(Problem): All of the data that follows is to be printed exactly, without pictures.

(Information shown):
------

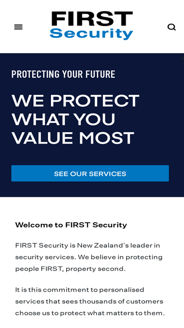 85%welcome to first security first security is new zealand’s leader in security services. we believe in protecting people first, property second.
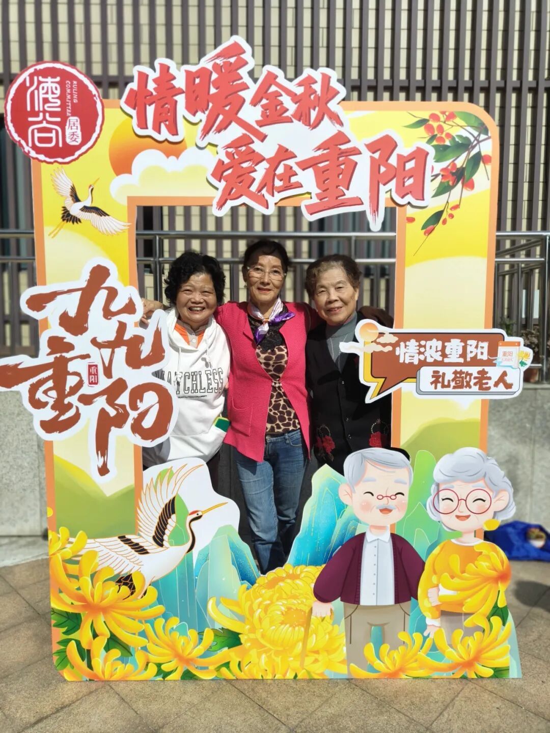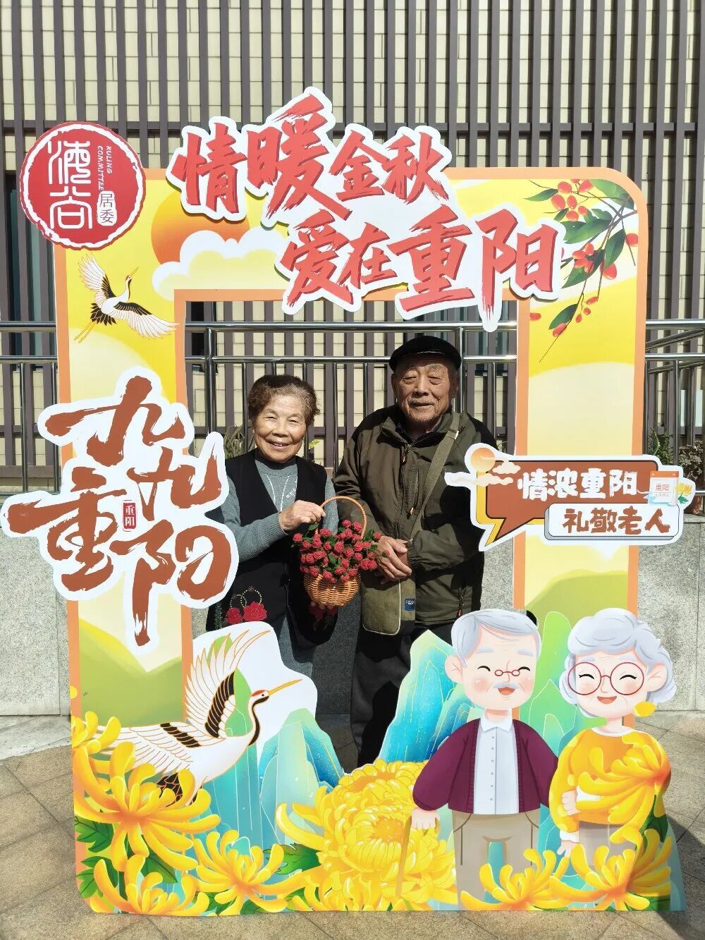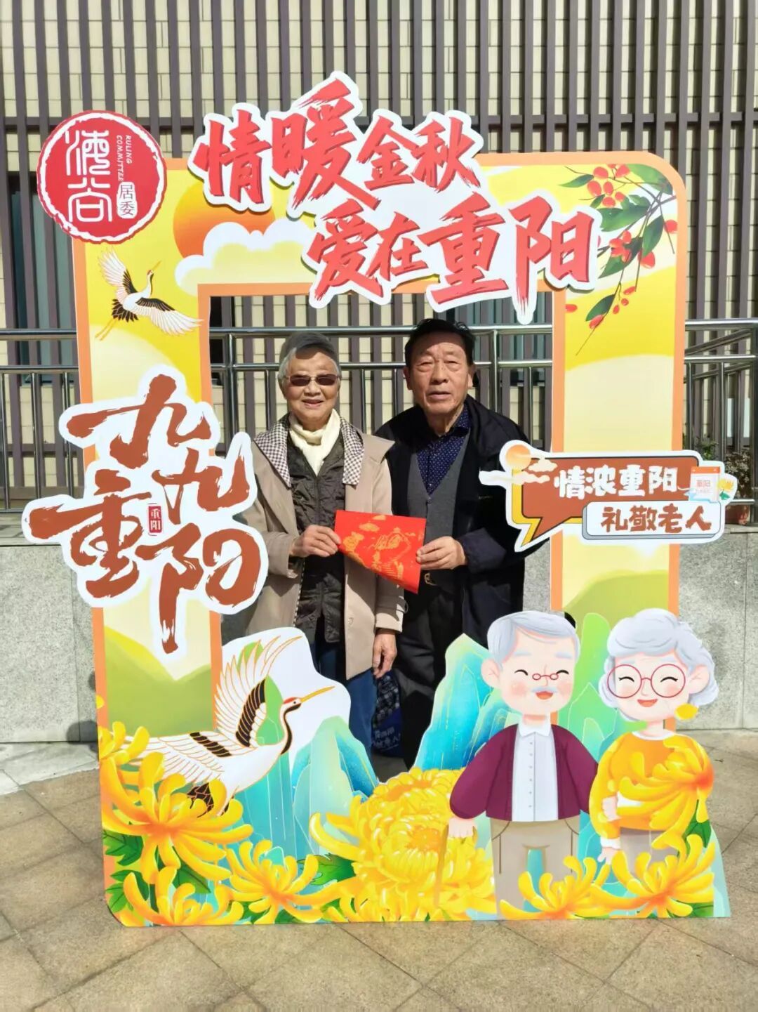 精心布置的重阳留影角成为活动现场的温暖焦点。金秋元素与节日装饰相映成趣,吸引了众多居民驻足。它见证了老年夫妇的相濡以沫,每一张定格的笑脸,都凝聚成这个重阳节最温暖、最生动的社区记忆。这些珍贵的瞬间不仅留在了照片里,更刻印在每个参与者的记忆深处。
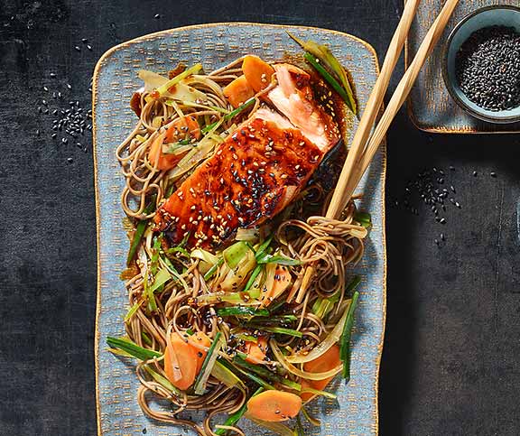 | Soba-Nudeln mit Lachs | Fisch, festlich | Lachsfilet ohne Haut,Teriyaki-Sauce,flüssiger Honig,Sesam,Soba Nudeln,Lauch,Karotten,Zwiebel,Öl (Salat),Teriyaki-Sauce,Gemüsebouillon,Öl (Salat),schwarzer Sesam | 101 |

------

(Your solution):
 85%welcome to first security first security is new zealand’s leader in security services. we believe in protecting people first, property second.
 精心布置的重阳留影角成为活动现场的温暖焦点。金秋元素与节日装饰相映成趣,吸引了众多居民驻足。它见证了老年夫妇的相濡以沫,每一张定格的笑脸,都凝聚成这个重阳节最温暖、最生动的社区记忆。这些珍贵的瞬间不仅留在了照片里,更刻印在每个参与者的记忆深处。
 | Soba-Nudeln mit Lachs | Fisch, festlich | Lachsfilet ohne Haut,Teriyaki-Sauce,flüssiger Honig,Sesam,Soba Nudeln,Lauch,Karotten,Zwiebel,Öl (Salat),Teriyaki-Sauce,Gemüsebouillon,Öl (Salat),schwarzer Sesam | 101 |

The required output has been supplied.